EXERCISE INSTRUCTIONS |
Images are to be excluded, and the rest of the data repeated exactly.

[[ RAW DATA open ]]

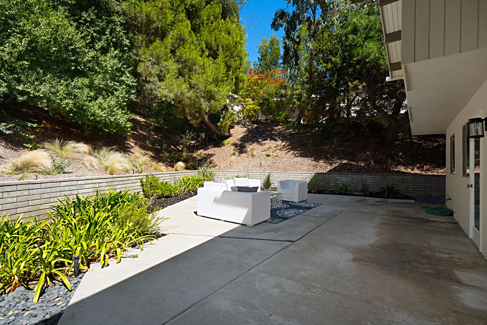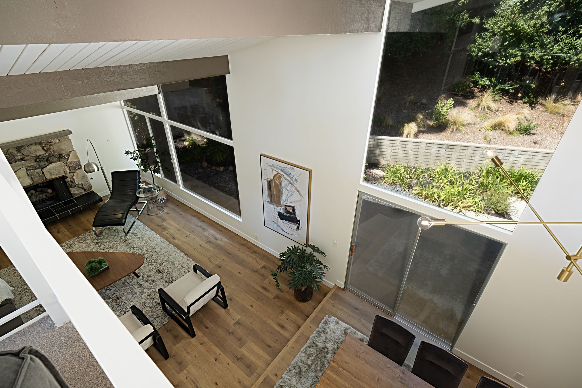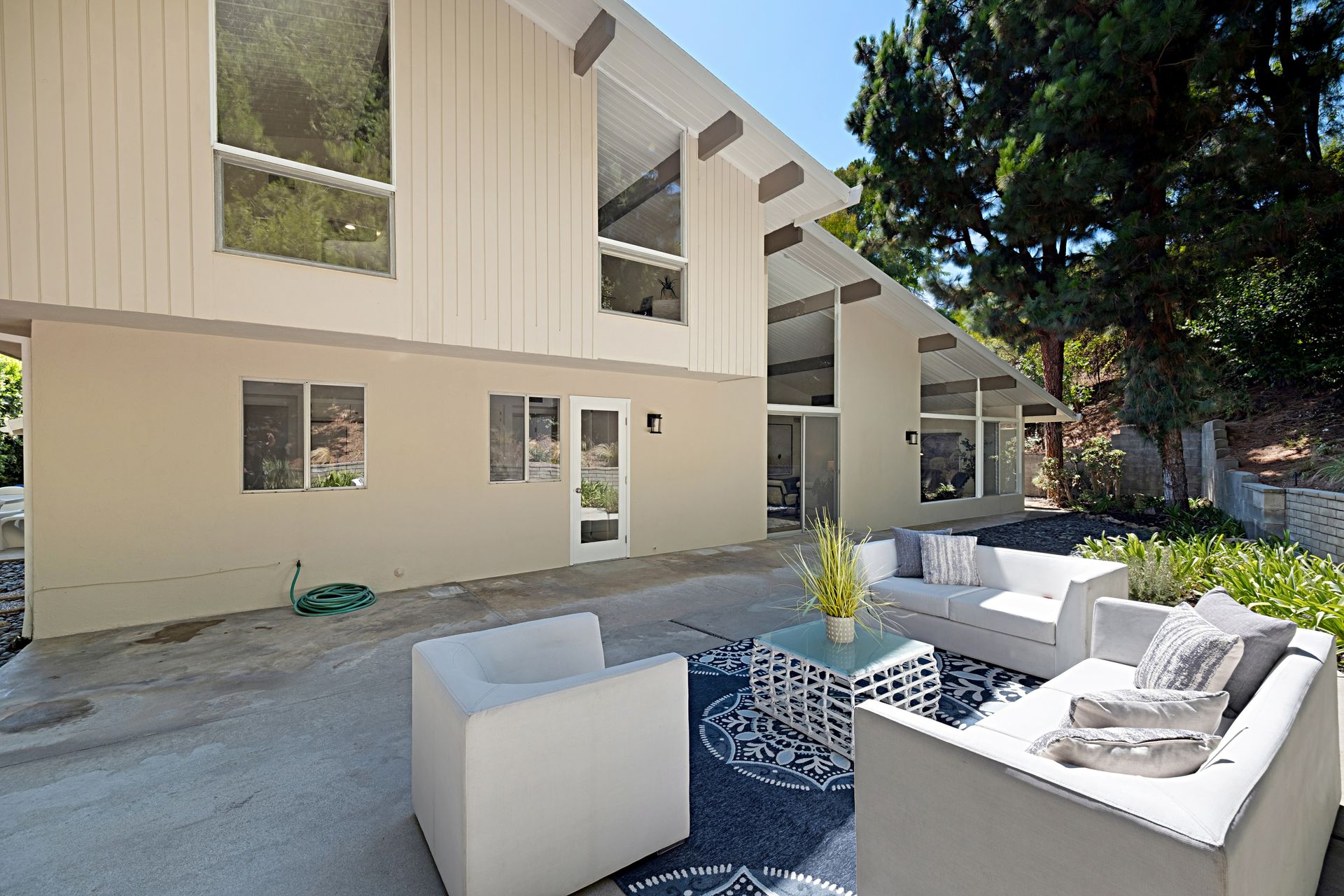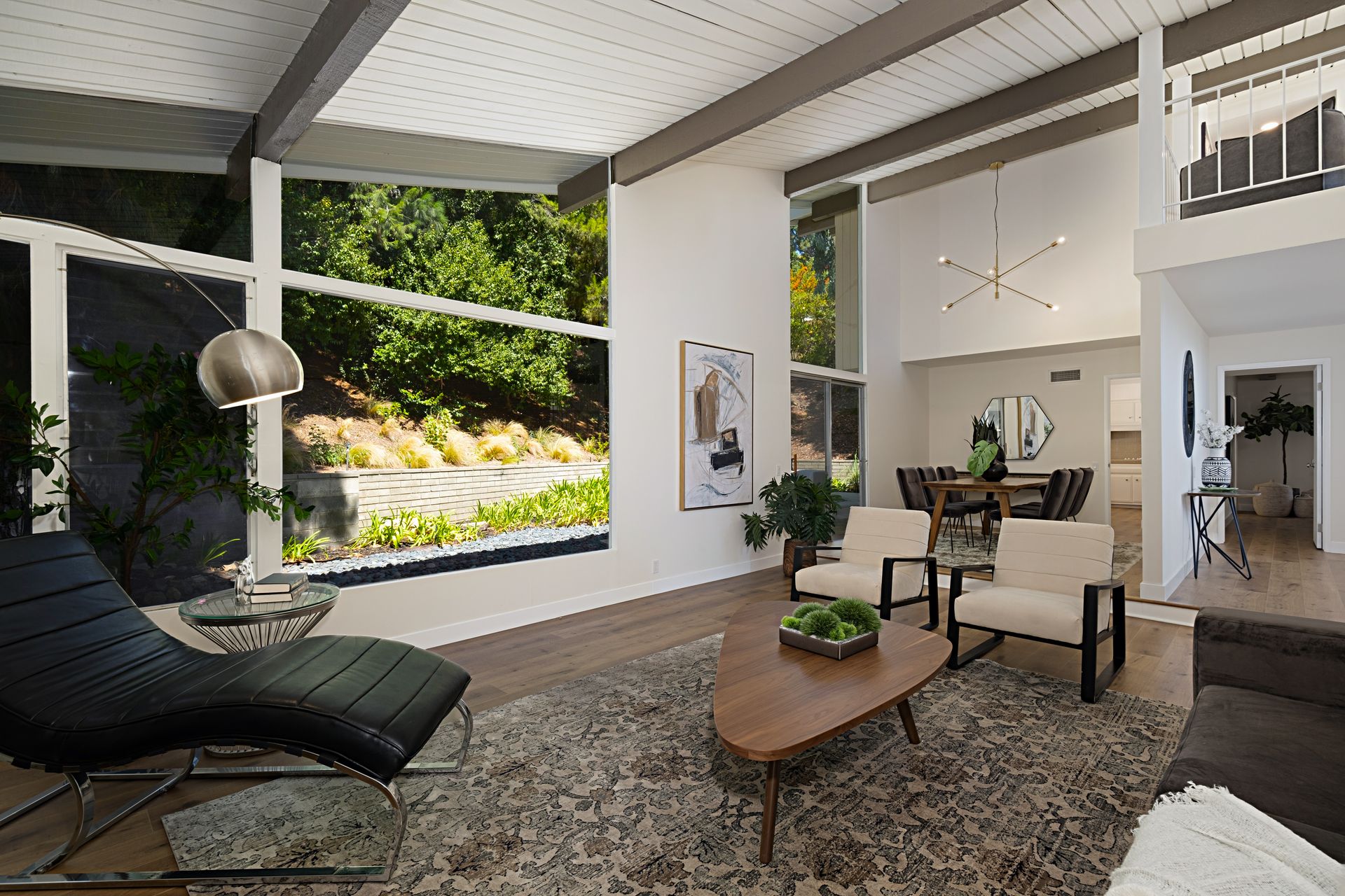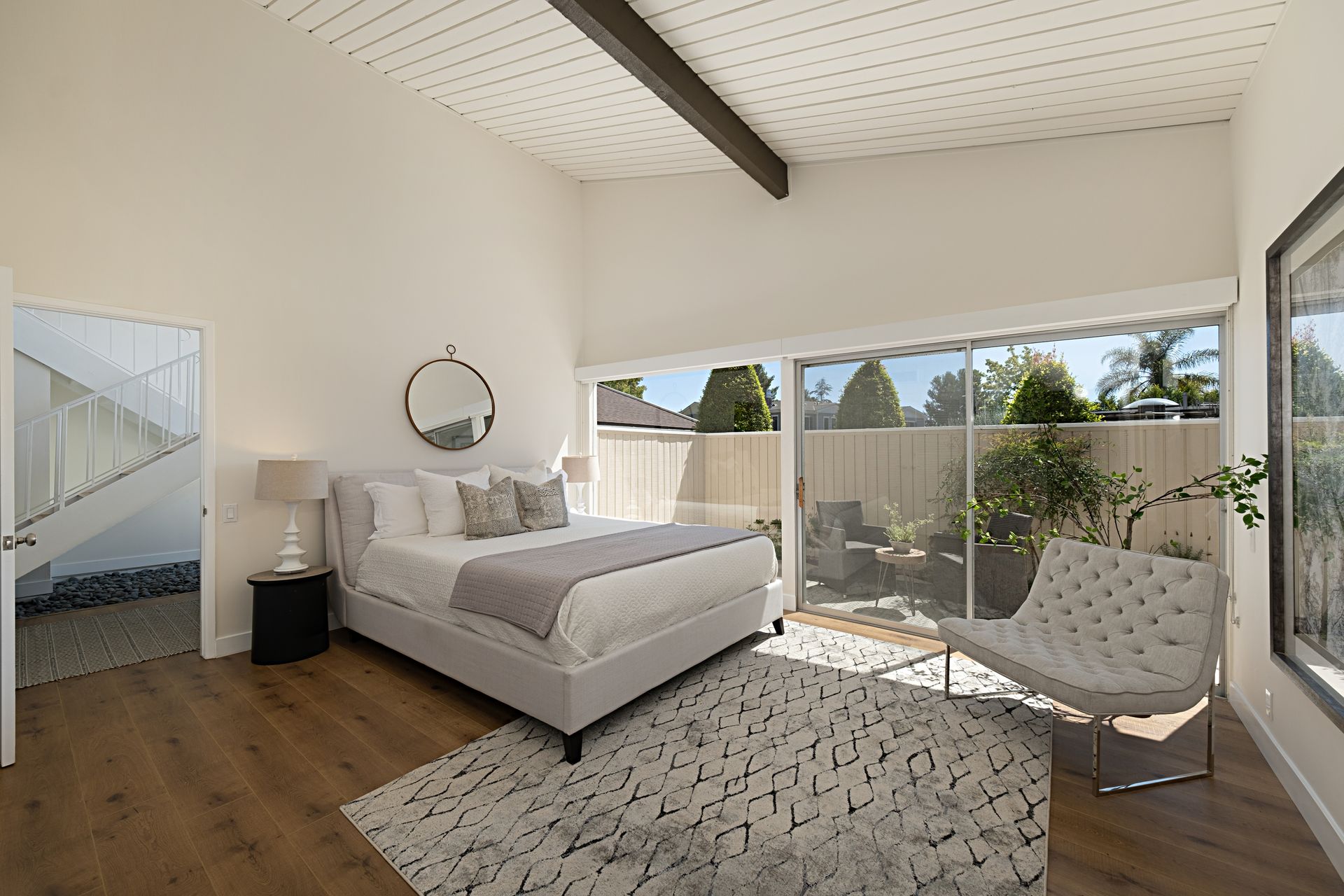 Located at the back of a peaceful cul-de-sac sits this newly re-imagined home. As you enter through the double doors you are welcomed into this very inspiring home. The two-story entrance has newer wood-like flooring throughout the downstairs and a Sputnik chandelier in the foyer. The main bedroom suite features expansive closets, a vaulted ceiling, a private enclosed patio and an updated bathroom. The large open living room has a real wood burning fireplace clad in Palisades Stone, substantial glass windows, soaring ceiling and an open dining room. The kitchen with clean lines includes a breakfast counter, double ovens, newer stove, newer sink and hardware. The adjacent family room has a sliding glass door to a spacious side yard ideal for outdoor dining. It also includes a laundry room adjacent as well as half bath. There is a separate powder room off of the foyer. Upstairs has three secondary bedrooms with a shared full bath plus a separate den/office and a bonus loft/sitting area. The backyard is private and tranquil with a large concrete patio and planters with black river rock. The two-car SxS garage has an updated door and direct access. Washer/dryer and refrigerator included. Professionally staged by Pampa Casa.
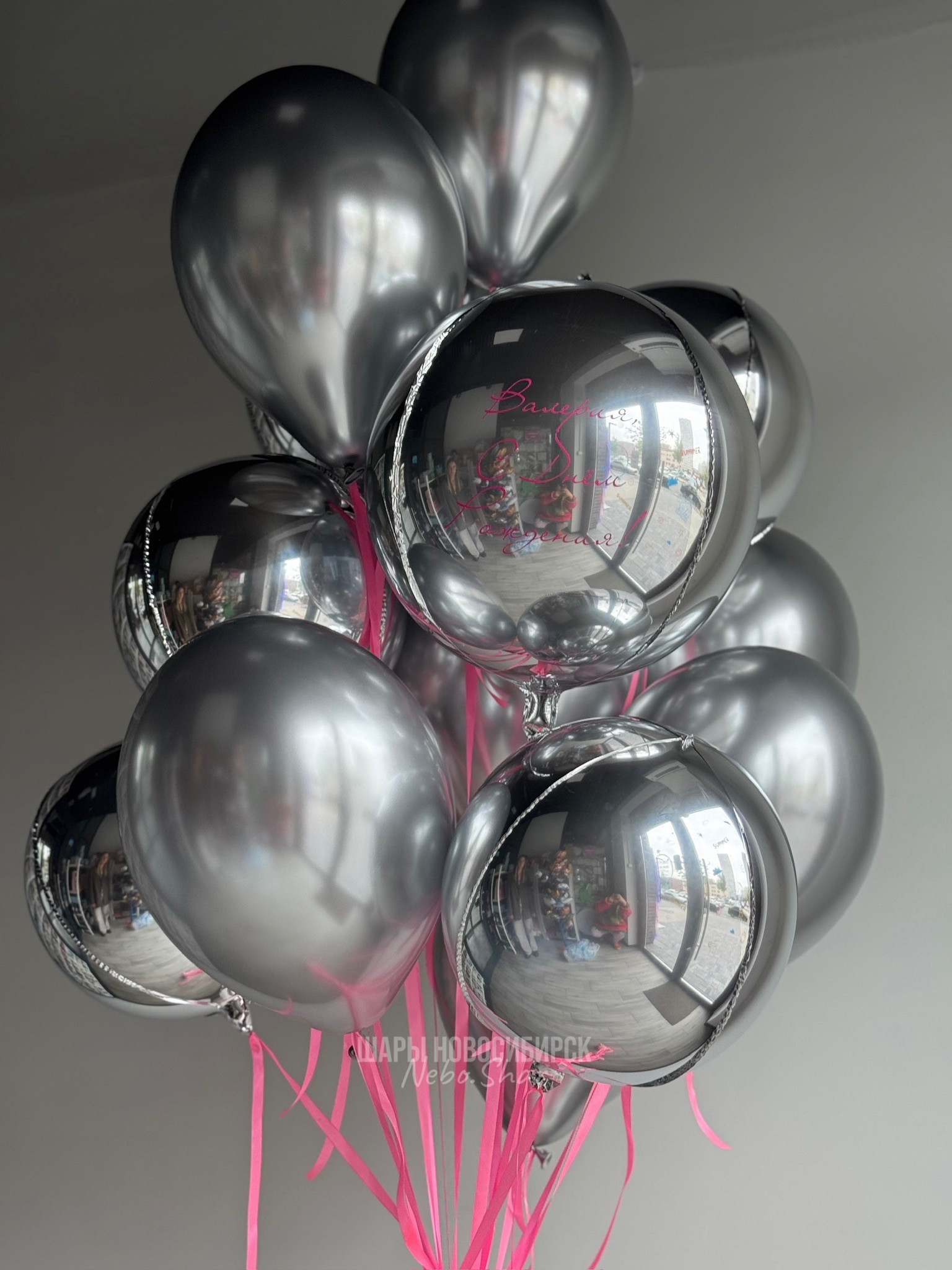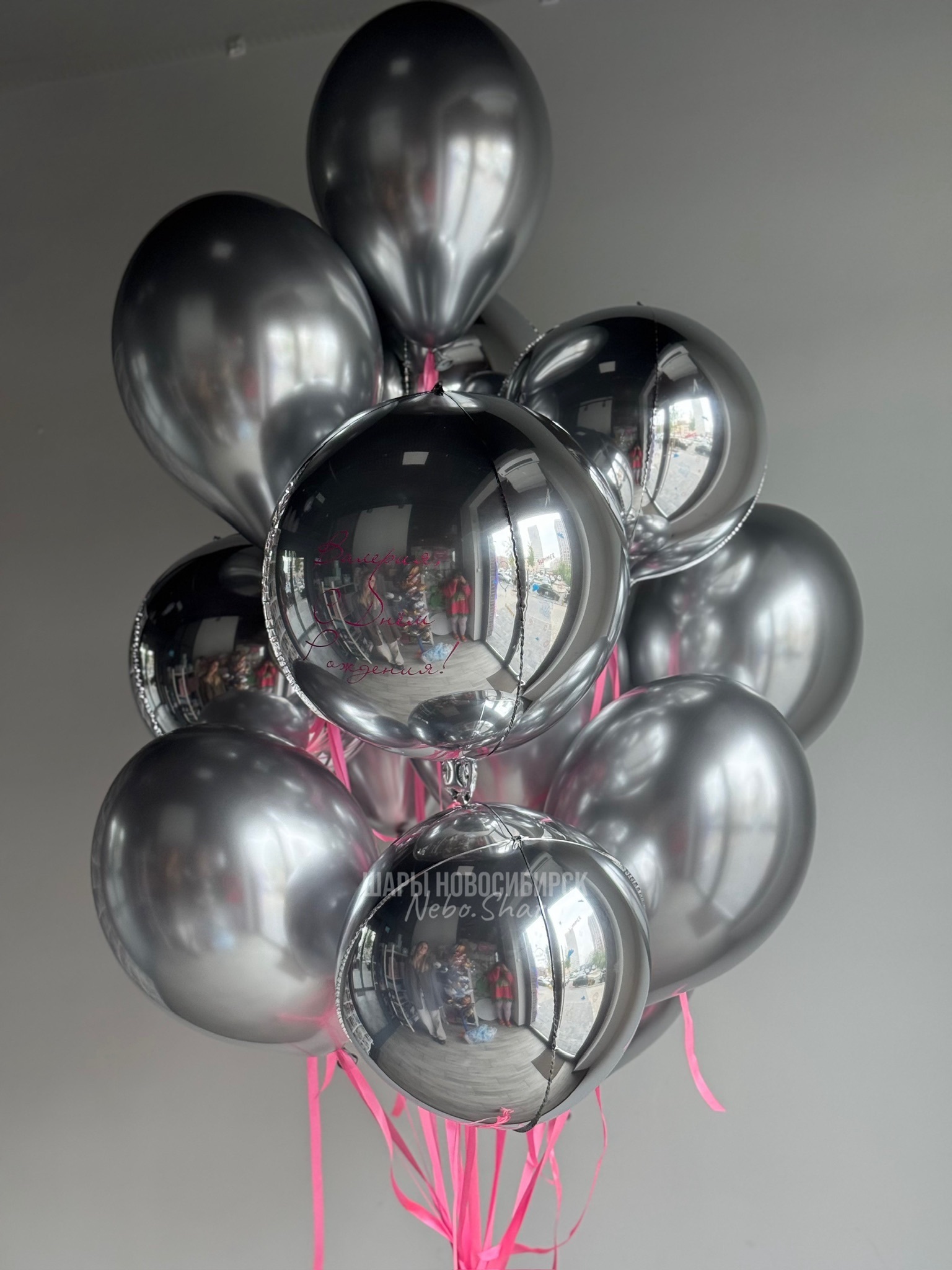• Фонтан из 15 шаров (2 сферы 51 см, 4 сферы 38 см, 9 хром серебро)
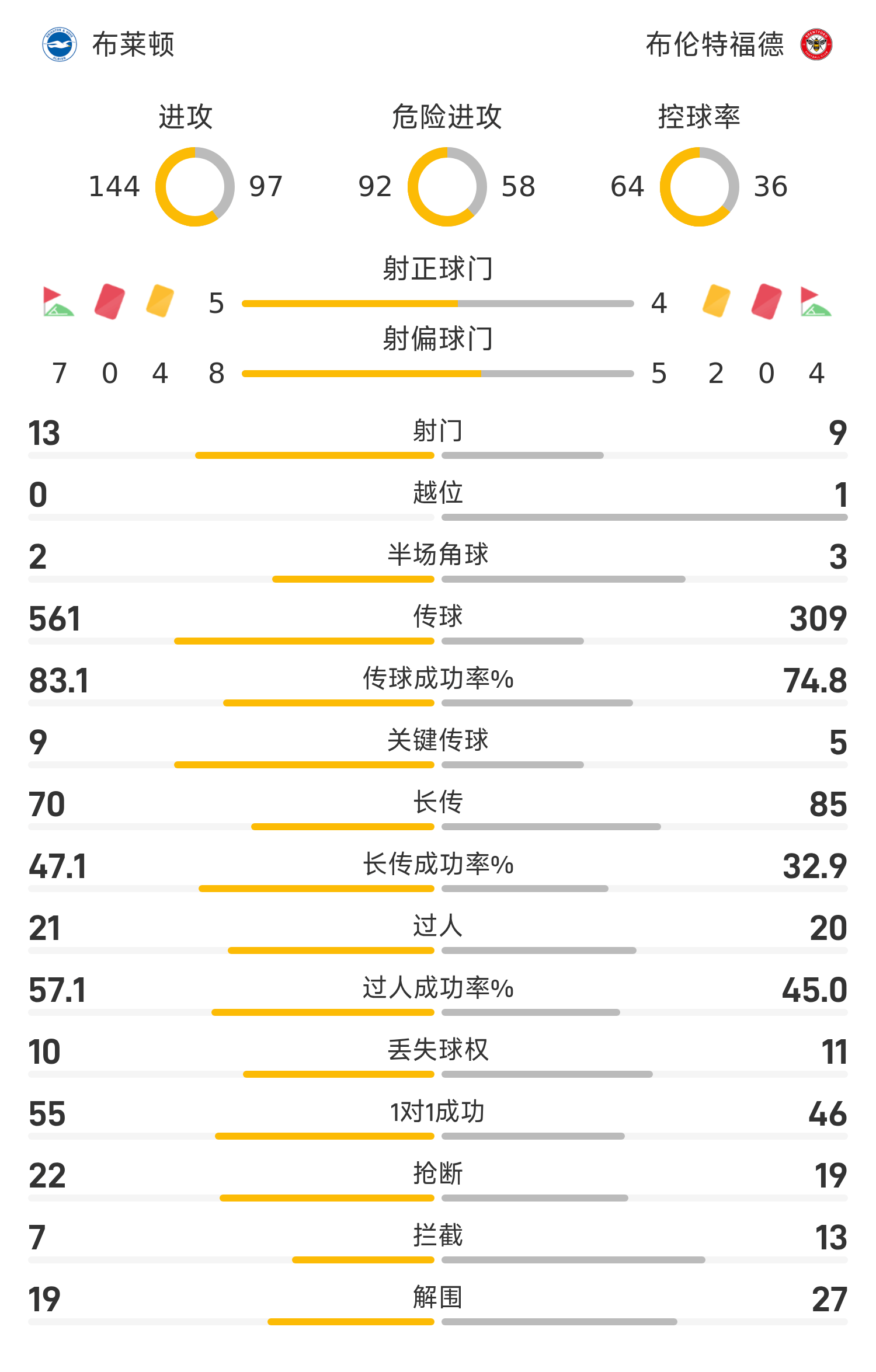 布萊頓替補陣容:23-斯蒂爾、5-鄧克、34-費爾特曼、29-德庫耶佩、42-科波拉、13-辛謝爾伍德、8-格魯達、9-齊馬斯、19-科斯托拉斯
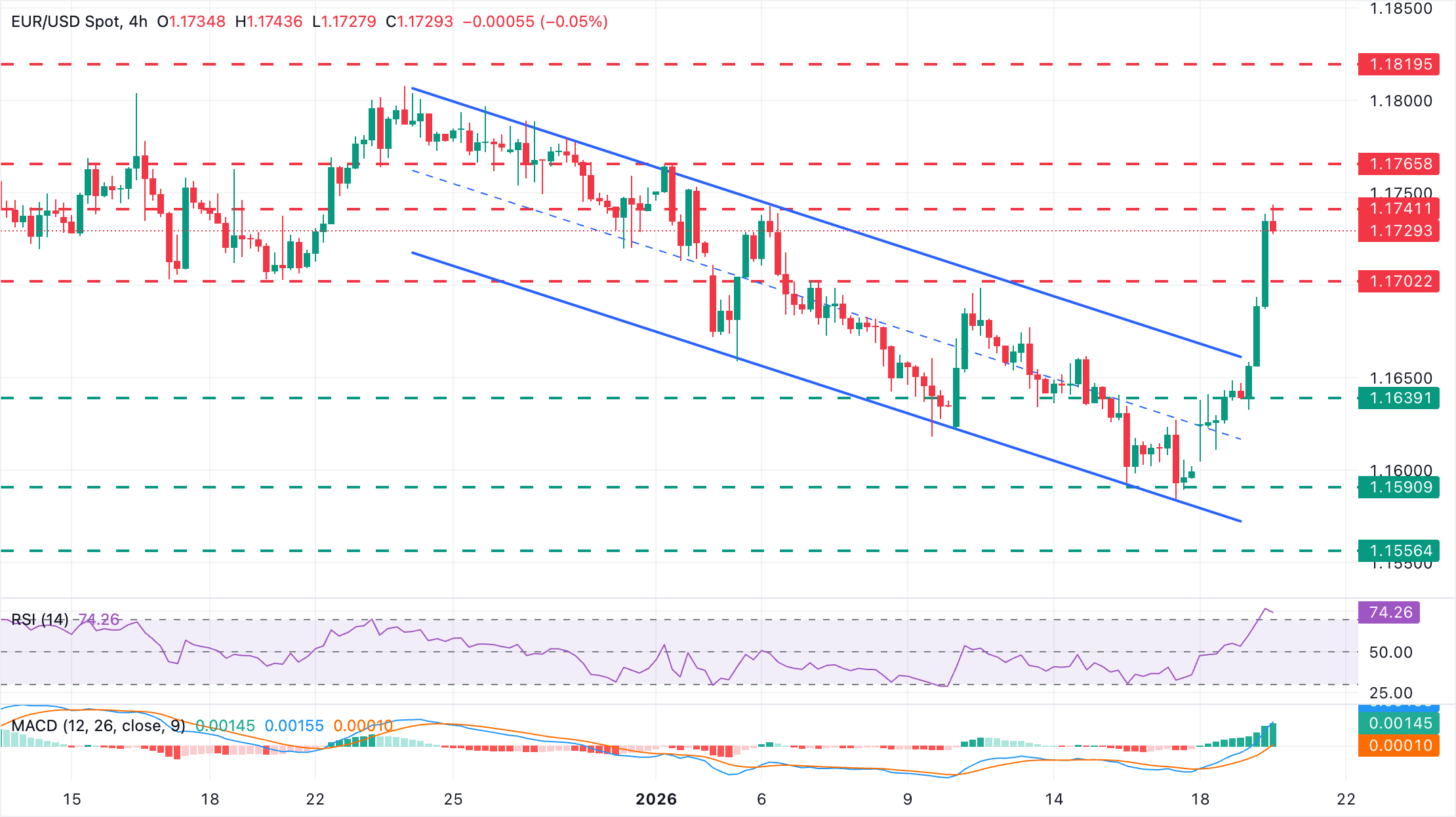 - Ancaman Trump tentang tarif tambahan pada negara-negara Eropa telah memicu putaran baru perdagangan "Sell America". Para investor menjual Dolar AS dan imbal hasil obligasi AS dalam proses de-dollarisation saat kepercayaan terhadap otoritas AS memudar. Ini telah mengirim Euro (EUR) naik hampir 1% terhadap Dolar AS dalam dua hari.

[[ RAW DATA closed ]]

ANSWER TO THIS EXERCISE |
 Located at the back of a peaceful cul-de-sac sits this newly re-imagined home. As you enter through the double doors you are welcomed into this very inspiring home. The two-story entrance has newer wood-like flooring throughout the downstairs and a Sputnik chandelier in the foyer. The main bedroom suite features expansive closets, a vaulted ceiling, a private enclosed patio and an updated bathroom. The large open living room has a real wood burning fireplace clad in Palisades Stone, substantial glass windows, soaring ceiling and an open dining room. The kitchen with clean lines includes a breakfast counter, double ovens, newer stove, newer sink and hardware. The adjacent family room has a sliding glass door to a spacious side yard ideal for outdoor dining. It also includes a laundry room adjacent as well as half bath. There is a separate powder room off of the foyer. Upstairs has three secondary bedrooms with a shared full bath plus a separate den/office and a bonus loft/sitting area. The backyard is private and tranquil with a large concrete patio and planters with black river rock. The two-car SxS garage has an updated door and direct access. Washer/dryer and refrigerator included. Professionally staged by Pampa Casa.
• Фонтан из 15 шаров (2 сферы 51 см, 4 сферы 38 см, 9 хром серебро)
 布萊頓替補陣容:23-斯蒂爾、5-鄧克、34-費爾特曼、29-德庫耶佩、42-科波拉、13-辛謝爾伍德、8-格魯達、9-齊馬斯、19-科斯托拉斯
 - Ancaman Trump tentang tarif tambahan pada negara-negara Eropa telah memicu putaran baru perdagangan "Sell America". Para investor menjual Dolar AS dan imbal hasil obligasi AS dalam proses de-dollarisation saat kepercayaan terhadap otoritas AS memudar. Ini telah mengirim Euro (EUR) naik hampir 1% terhadap Dolar AS dalam dua hari.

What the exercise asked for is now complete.